-- Provided information --
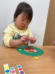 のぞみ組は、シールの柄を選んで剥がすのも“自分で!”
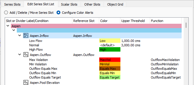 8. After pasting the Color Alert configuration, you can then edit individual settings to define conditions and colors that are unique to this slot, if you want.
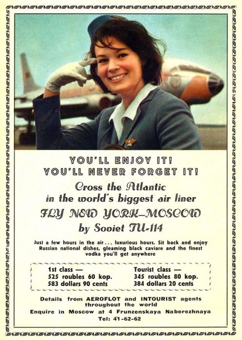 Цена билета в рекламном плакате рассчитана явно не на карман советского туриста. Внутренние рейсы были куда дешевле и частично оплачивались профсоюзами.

...

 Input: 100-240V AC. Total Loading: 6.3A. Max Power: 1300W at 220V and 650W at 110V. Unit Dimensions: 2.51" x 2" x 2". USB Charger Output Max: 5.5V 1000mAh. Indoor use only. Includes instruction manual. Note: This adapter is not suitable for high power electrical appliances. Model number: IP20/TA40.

-- Your instructions --
Exact repeat of the material above: every line from the one with "8. After pasting" through the one with "Цена билета в", endpoints included, and nothing more. No pictures.

-- Written response --
 8. After pasting the Color Alert configuration, you can then edit individual settings to define conditions and colors that are unique to this slot, if you want.
 Цена билета в рекламном плакате рассчитана явно не на карман советского туриста. Внутренние рейсы были куда дешевле и частично оплачивались профсоюзами.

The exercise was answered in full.